(Data extracted from a collection)
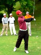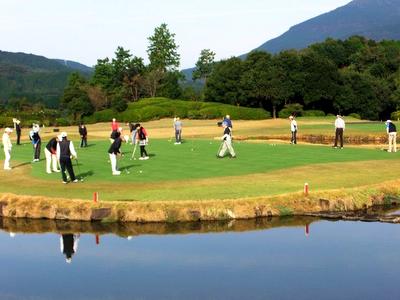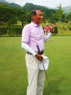 美しい丘陵コースでの、予想外の早いグリーンに全員が悩まされながらも、見事にグリーンを読み切って、一人だけ
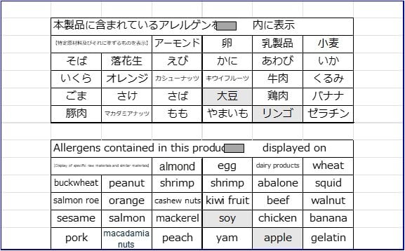 アーモンド、あわび、いか、いくら、オレンジ、カシューナッツ、キウイフルーツ、牛肉、ごま、さけ、さば、鶏肉、バナナ、豚肉、まつたけ、もも、やまいも、ゼラチン
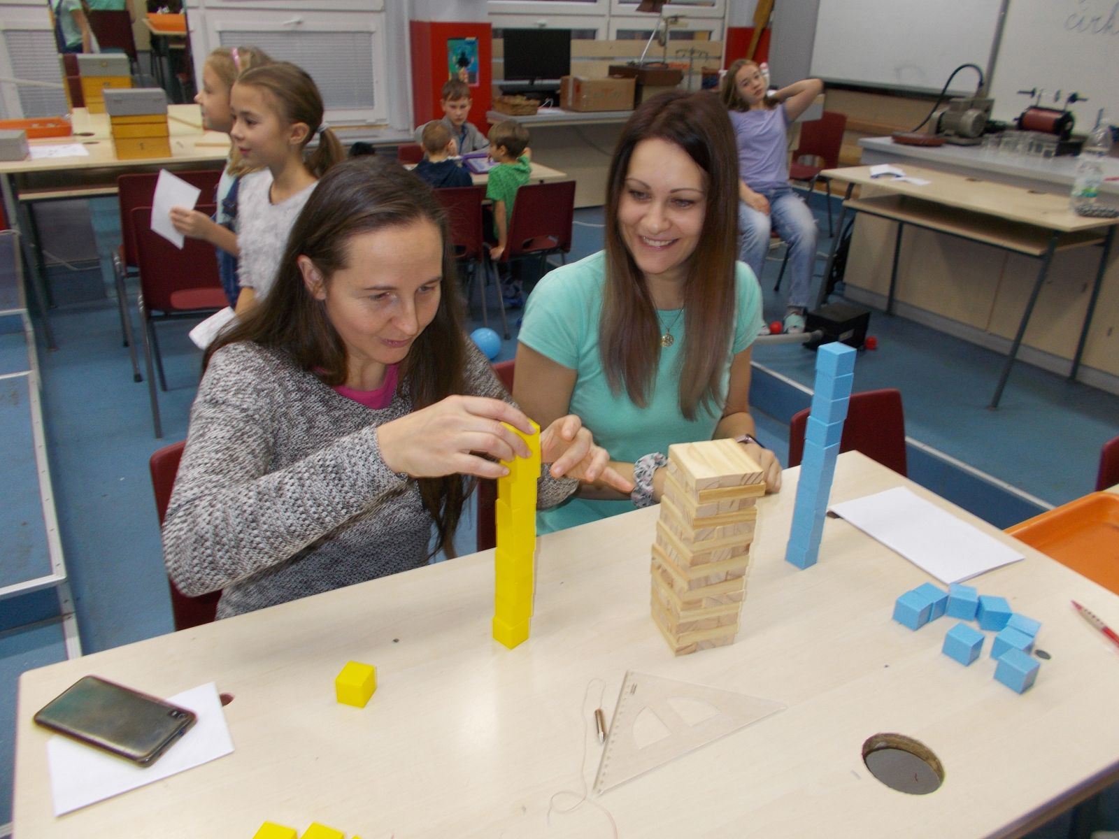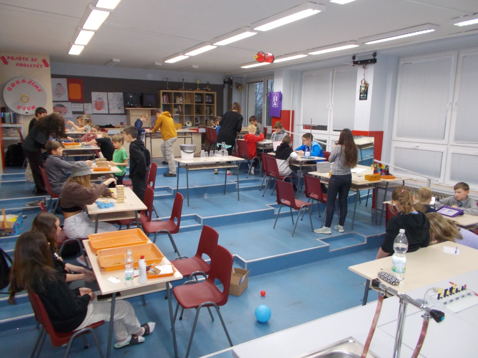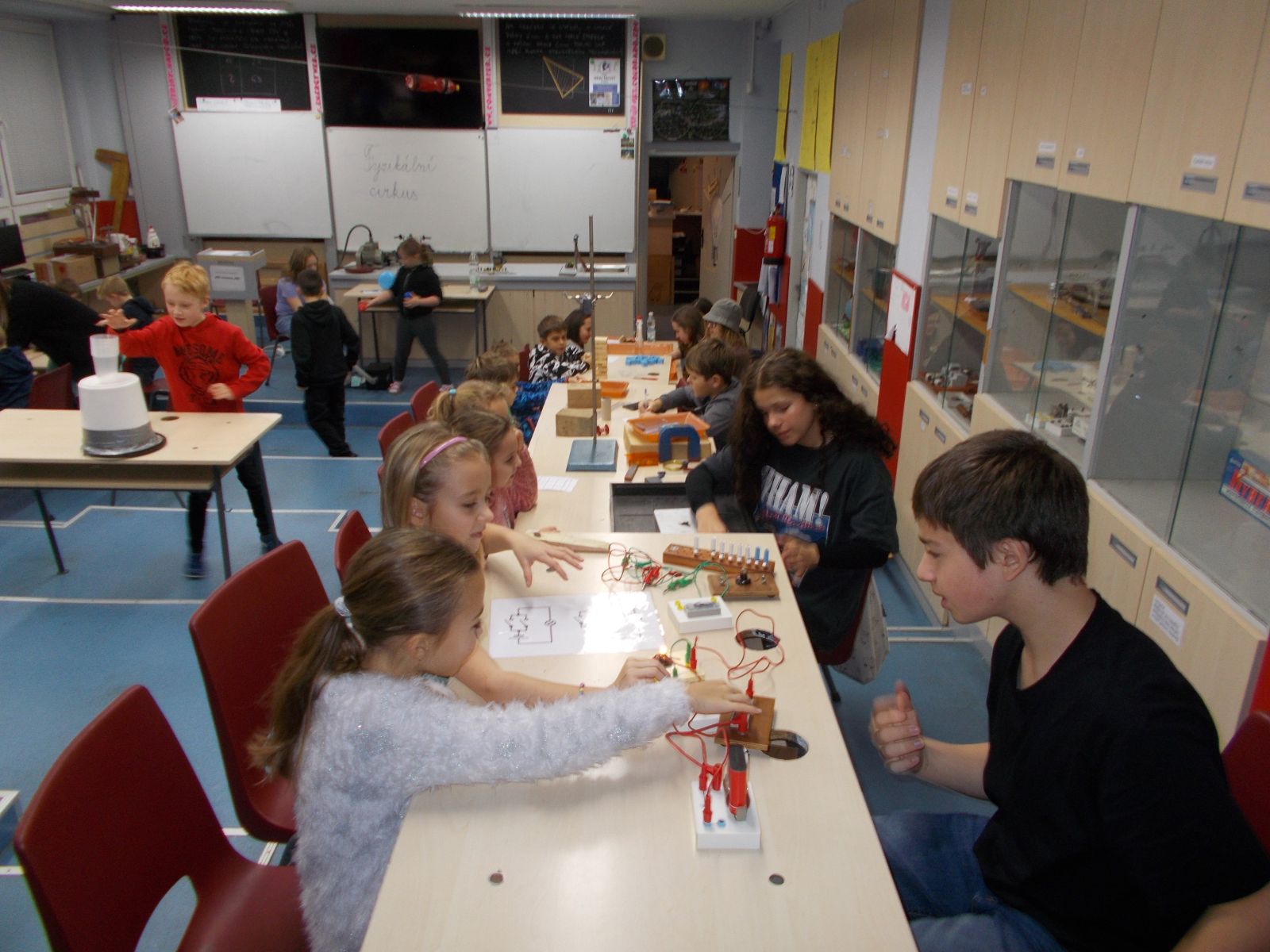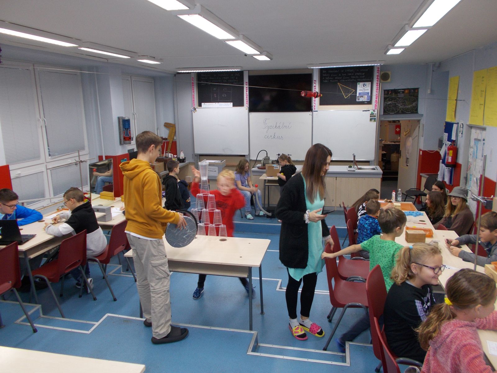 Na závěr čtyřdenního maratonu Fyzikálního cirkusu se ho zúčastnili i žáci z 2. D. A protože bylo opravdu co zkoumat a objevovat, tak se tato zábava protáhla ještě o hodinu déle, než v minulých dnech. Všichni, včetně doprovodu, si užili dostatek hrátek z různých oblastí fyziky a děti se už teď určitě těší, až se za tři a půl roku začnou učit fyziku naostro.
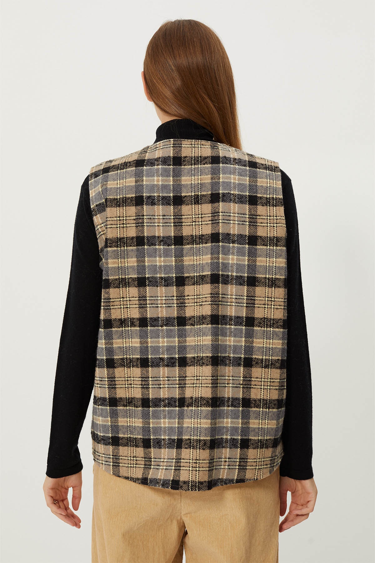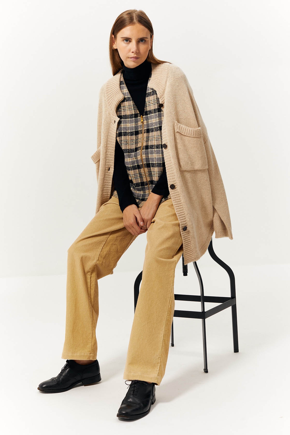Adopt the reversible Afra jacket for chic, functional style this season. Designed to give you two looks in one, this jacket has a beige corduroy side for a sober, elegant look, and a check patterned side for a more casual, on-trend style.
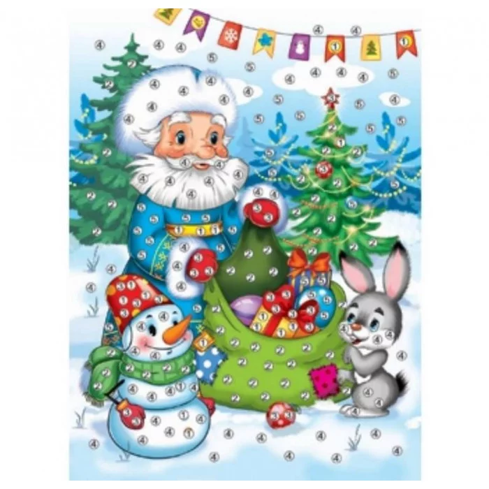 МОЗАИКА ИЗ СТРАЗ. ДЕД МОРОЗ РАЗДАЕТ ПОДАРКИ (Арт. М-7314)
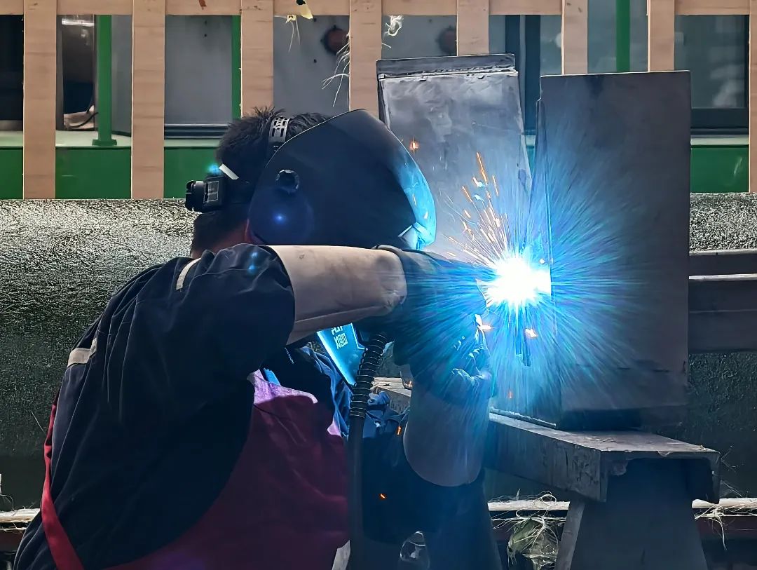 當(dāng)前,長(zhǎng)征公司廠房?jī)?nèi),機(jī)器轟鳴與高溫疊加,焊槍火花飛濺,焊工師傅全副武裝,化身“鎧甲勇士”,以焊槍作筆,用熱浪為墨,爭(zhēng)分奪秒趕制任務(wù)訂單。(圖文/李玲)
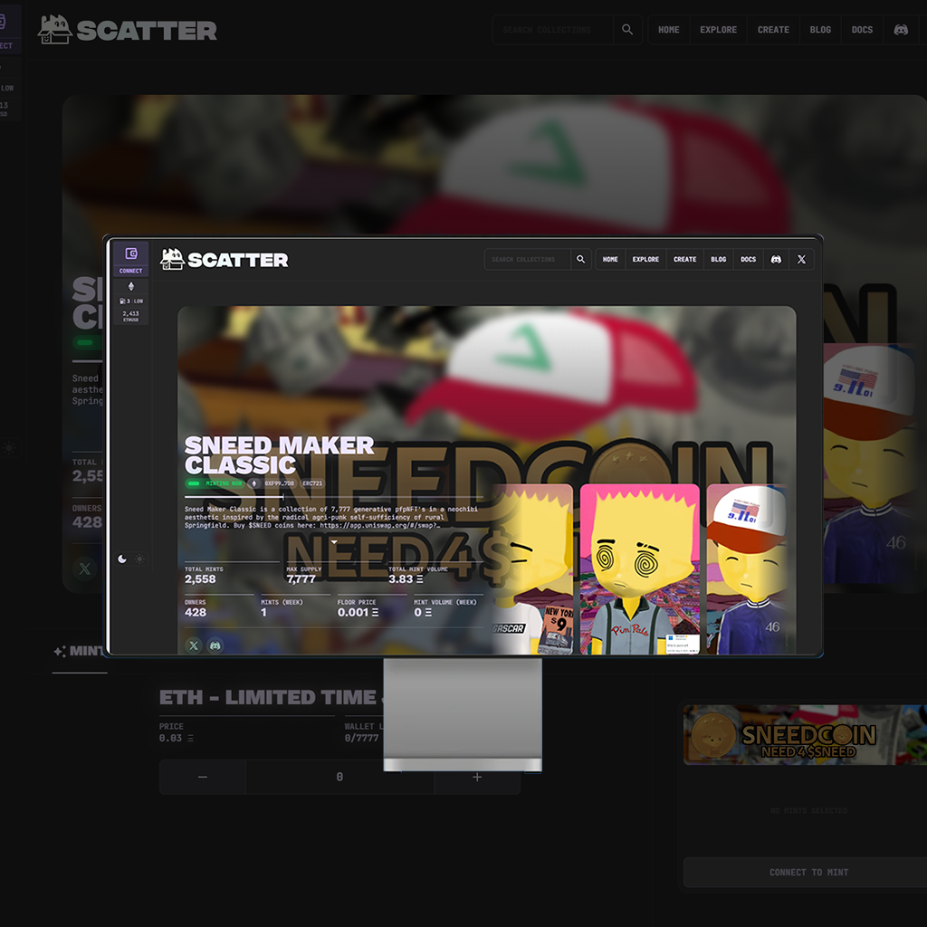 Scatter.art is a decentralized NFT minting platform that allows users to create, mint, and trade NFTs directly on the Ethereum blockchain. By integrating Uniswap V3 for seamless token swapping and utilizing Web3.js, the platform ensures smooth interaction between smart contracts and the dApp interface.
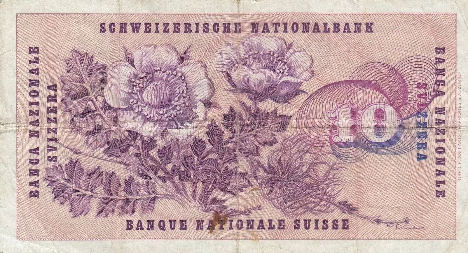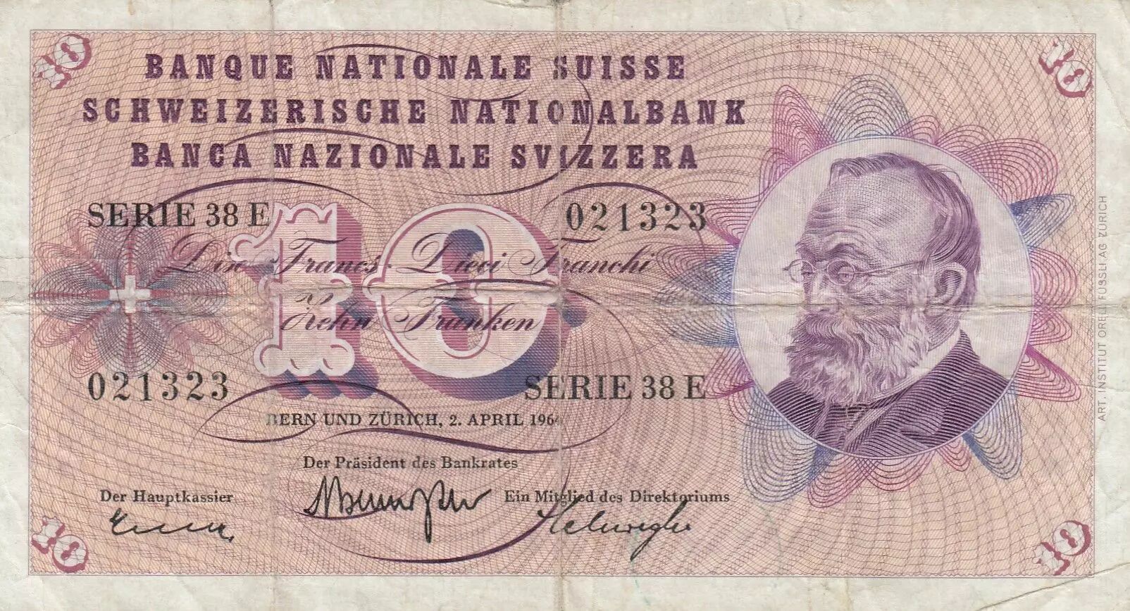 Home > World Banknotes > European Banknotes > Switzerland - Swiss Cantons > Switzerland > Switzerland 10 Francs - Gottfried Keller - Carnation Flowers - 02-04-1964 - Serial 38E
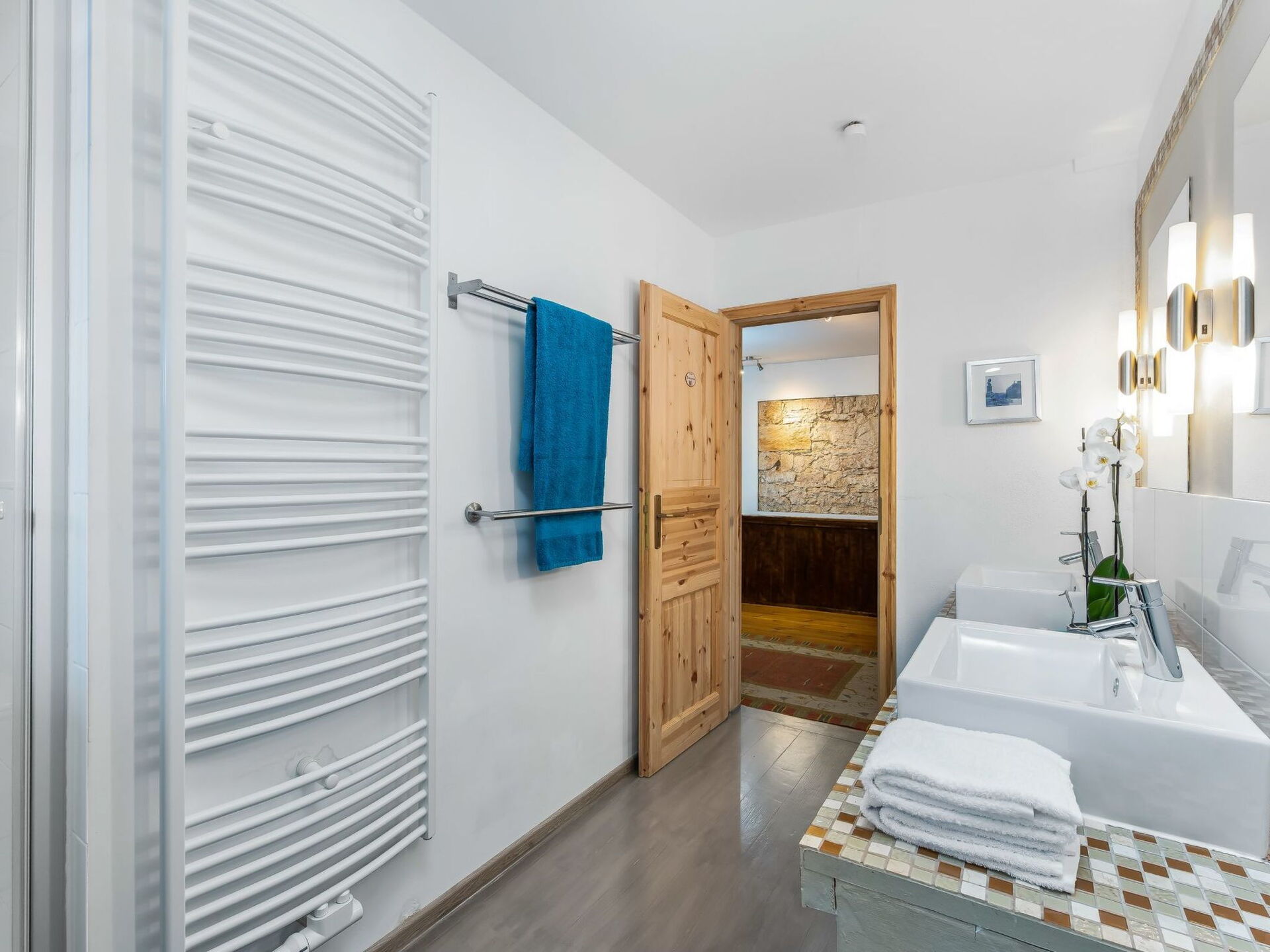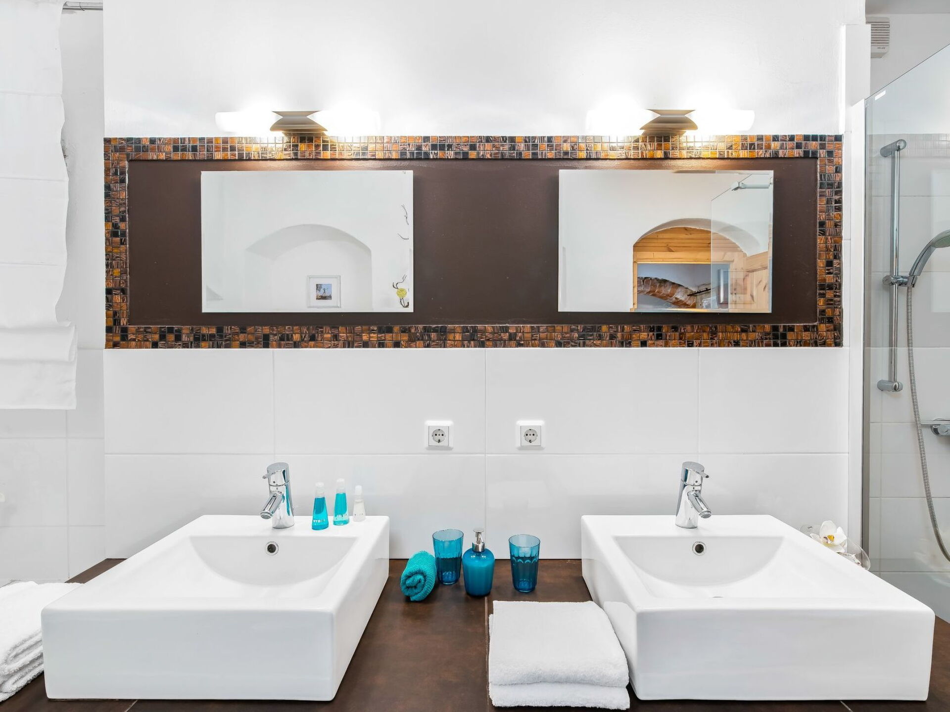 The entire living area on the ground floor is equipped with underfloor heating. Furthermore, on the ground floor is a double bedroom and a large bathroom with shower, bath, double sink and toilet In the upper floor there are 5 more beautiful double bedrooms and a large bathroom with shower, two toilets and double vanities.
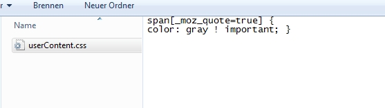 Ich lege im TB Benutzerverzeichnis den Ordner chrome und darin die Datei userContent.css an.

Work to be completed. An exact copy is needed of the entries above, starting at the line that holds "當(dāng)前,長(zhǎ" and stopping at the line that holds "Home > World", both kept; pictures stay out.

Your solution.
 當(dāng)前,長(zhǎng)征公司廠房?jī)?nèi),機(jī)器轟鳴與高溫疊加,焊槍火花飛濺,焊工師傅全副武裝,化身“鎧甲勇士”,以焊槍作筆,用熱浪為墨,爭(zhēng)分奪秒趕制任務(wù)訂單。(圖文/李玲)
 Scatter.art is a decentralized NFT minting platform that allows users to create, mint, and trade NFTs directly on the Ethereum blockchain. By integrating Uniswap V3 for seamless token swapping and utilizing Web3.js, the platform ensures smooth interaction between smart contracts and the dApp interface.
 Home > World Banknotes > European Banknotes > Switzerland - Swiss Cantons > Switzerland > Switzerland 10 Francs - Gottfried Keller - Carnation Flowers - 02-04-1964 - Serial 38E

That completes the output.